Colonisation and violence

Colonisation and violence

Colonisation is an ongoing process that we are all participating in, whether as perpetrators, beneficiaries, victims, or all three. At the same time, the systems that support and are supported by colonisation create the conditions for violence to thrive in Aotearoa. We are all impacted by this, Māori disproportionately so.

Colonisation is an oppressive relationship between two peoples or nations, where one has chosen to dominate and make the other its subject and colony. Colonisation is not inevitable. Two peoples (or people) can live together,  trade and learn from each other without one choosing to oppress or abuse the other.

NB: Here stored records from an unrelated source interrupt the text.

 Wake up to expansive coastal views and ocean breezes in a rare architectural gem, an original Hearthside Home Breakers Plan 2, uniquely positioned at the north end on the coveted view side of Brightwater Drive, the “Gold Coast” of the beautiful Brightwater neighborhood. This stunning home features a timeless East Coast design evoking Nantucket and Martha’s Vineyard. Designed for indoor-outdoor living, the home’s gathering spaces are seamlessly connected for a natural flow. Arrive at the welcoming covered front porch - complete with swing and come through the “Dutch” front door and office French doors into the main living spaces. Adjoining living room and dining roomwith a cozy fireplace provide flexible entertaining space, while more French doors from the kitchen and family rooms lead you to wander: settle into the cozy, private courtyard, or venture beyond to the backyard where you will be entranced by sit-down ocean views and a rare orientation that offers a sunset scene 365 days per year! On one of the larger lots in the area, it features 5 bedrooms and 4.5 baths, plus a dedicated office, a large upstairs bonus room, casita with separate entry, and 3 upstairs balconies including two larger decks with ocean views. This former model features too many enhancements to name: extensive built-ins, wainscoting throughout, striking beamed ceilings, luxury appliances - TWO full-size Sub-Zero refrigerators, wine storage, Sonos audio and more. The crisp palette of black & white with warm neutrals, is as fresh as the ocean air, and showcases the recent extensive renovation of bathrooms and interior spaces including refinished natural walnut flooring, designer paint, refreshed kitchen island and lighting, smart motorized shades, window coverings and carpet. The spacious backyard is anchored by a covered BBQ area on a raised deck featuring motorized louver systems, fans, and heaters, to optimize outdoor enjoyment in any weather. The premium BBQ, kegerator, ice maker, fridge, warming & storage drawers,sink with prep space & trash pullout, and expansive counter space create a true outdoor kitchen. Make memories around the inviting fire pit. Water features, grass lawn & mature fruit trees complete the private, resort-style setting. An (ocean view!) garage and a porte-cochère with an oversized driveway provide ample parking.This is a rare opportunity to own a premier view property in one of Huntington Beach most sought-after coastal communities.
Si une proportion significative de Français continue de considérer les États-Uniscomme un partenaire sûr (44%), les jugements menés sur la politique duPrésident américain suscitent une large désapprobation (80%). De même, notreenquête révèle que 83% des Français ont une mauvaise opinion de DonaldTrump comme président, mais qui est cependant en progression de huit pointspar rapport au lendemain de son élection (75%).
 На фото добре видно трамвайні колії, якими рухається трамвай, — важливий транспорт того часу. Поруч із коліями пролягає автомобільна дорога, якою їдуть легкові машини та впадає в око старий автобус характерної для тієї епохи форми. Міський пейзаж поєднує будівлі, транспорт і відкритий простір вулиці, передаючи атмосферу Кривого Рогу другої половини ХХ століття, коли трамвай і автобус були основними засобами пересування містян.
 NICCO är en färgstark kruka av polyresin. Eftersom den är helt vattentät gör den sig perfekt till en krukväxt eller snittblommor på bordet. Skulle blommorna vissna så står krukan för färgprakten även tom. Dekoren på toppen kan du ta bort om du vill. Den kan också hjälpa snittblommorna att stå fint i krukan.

There are two parts to understanding the importance of colonisation for ending violence:

  1. Colonisation is violence
  2. Colonisation creates the conditions for violence.

Colonisation is violence

Colonising violence includes physical violence, for example, sexual violence particularly targeting Māori women, attacks on Māori settlements, mass incarceration, taking children from whānau, and abuses while in ‘state care’.

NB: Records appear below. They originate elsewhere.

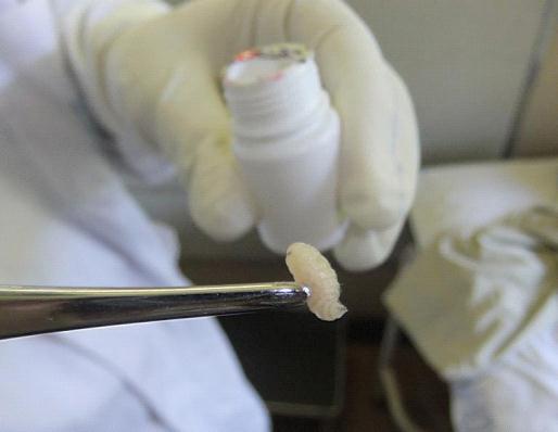 非洲大陆有很多国内没有的寄生虫病,作为一名外科医生,这种病我还是第一次看到。当时心里纳闷,这会不会就是传说中的芒果蝇感染啊?于是上网查阅资料,找到几张芒果蝇感染人体的幼虫图片,一对比,果然非常相似,我心里有了九成的把握,对患者说很可能是芒果蝇感染,这种病主要是造成皮肤病变,不用太担心。考虑到当地的医生应该见过不少芒果蝇感染患者,我们想到了一个在中国留过学的黑人医生OTI。当天是周末,她不上班。与医疗队肖湘成队长驱车来到OTI家,请她一起看病人。当她一见到药瓶中虫子,就肯定地说,你们的诊断很正确,是芒果蝇幼虫。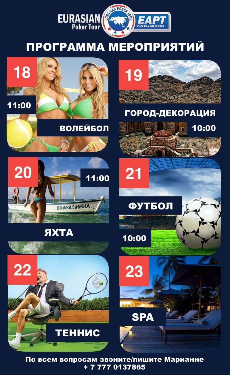 Мы уже сообщали о том, что организаторы Eurasian Poker Tour готовят массу развлечений для гостей серии. Вчера им удалось побывать в элитном клубном городке «Marine-Club», расположенного на побережье Капчагайского водохранилища. Именно на его территории и состоятся спортивные мероприятия, в программу которых войдет волейбол, футбол, теннис и др.
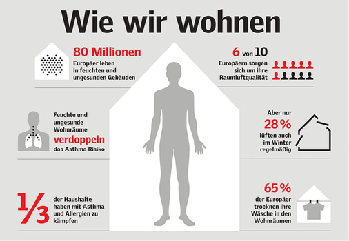 _ Die Geschichte des Wohnens begann damit, dass Menschen „Behausungen“ nutzten, um sich vor Witterungseinflüssen und Übergriffen zu schützen. Im Laufe der Zeit wurden Häuser und Wohnungen immer weiter optimiert und die Bewohner profitierten in den Unterkünften zunehmend auch von konstanten klimatischen Bedingungen. Dem steht jedoch der Nachteil gegenüber, dass die Menschen durch diese Entwicklung einer Vielzahl neuer chemischer, physikalischer, biologischer und mikrobiologischer Faktoren ausgesetzt sind. Denn energiesparende Bauweisen mit fehlender natürlicher Ventilation bei gleichzeitigem Eintrag einer Vielzahl von Chemikalien in die Gebäude führen zu einer Anreicherung von Feuchtigkeit, Mikroorganismen und Chemikalien in Haus, Wohnung oder Büro. Daraus entstehen potenzielle Gefahren für die Gesundheit des Menschen.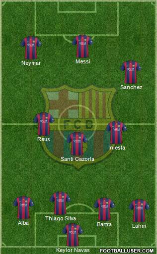 Keylor Navas · Lahm · Bartra · Alba · Thiago Silva · Santi Cazorla · Iniesta · Reus · Sanchez · Neymar · Messi
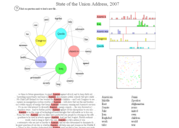 Clustered Word Clouds are an extension of the common word cloud idea. The words are partitioned into clusters based on how often they were used near each other in the base text. The largest clusters are then shown with the words in them positioned near each other and highlighted with color. |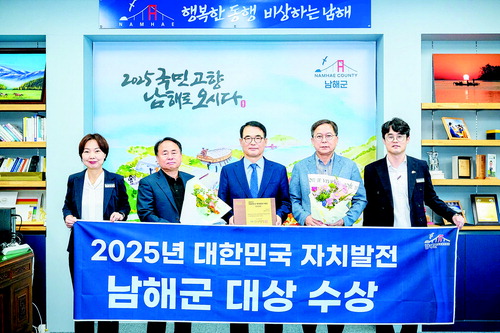 남해군이 '2025 대한민국 자치발전 대상' 기초자치단체 부문에 선정되는 영예를 안았다.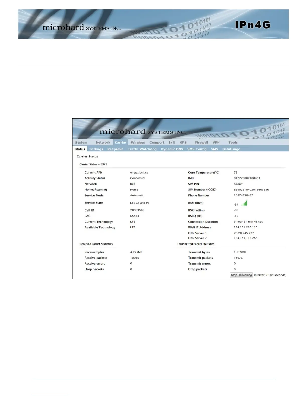 Microhard Systems IPN4GB - Carrier Configuration; Cellular Connection Status and Settings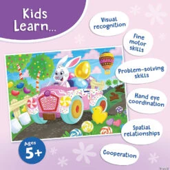 Scratch the 7 scented pieces of this Easter fun puzzle to release favorite holiday aromas of chocolate, marshmallow, and candy. Then arrange all of the pieces into a colorful Easter inspired scene. The thick, durable pieces are easy to handle and allow for long-lasting play year after year!• This scratch-and-sniff Easter puzzle looks as good as it smells!• Develops visual recognition, cooperation, fine motor development, problem solving and cognitive skills• Includes 76 pieces• Completed puzzle measures 14” x 19”

Colonising violence also includes the ongoing centring of the coloniser’s institutions, comfort, safety and  desires, and disregard of Indigenous Peoples’ institutions, comfort, safety, desires and even survival. Moana Jackson (1992: 2) describes this as, “a story of the imposition of a philosophical construct as much as it is a tale of economic and military oppression.”  Examples include:

  • prioritising the coloniser’s desire for land over the health, safety and survival of tangata whenua and Māori relationship with land
  • prioritising the coloniser’s laws, science, religion and language over the survival of tikanga, mātauranga and reo Māori
  • prioritising the coloniser’s understandings of family, gender, and children over the health, safety and survival of Māori women and children, and Māori systems of whānau and whakapapa
  • prioritising the coloniser’s understandings of law, crime and punishment over the health, safety and survival of tangata whenua and Māori systems for safety and wellbeing.

Moana Jackson (1992: 6) describes colonisation as an attack on the Indigenous soul:

Colonization demanded, and still requires, that Māori no longer source their right to do anything in the rules of their own law. Rather they have to have their rights defined by Pākehā; they have to seek permission from an alien word to do those things which their philosophy had permitted for centuries”.
Their rights as tangata whenua defined by Māori law have been replaced by a Pākehā concept of aboriginal rights exercised within, and limited by, the Pākehā law. Their political status, as determined by shared whakapapa which underlay the exercise of rangatiratanga, has been replaced by a common subordination to a foreign sovereignty.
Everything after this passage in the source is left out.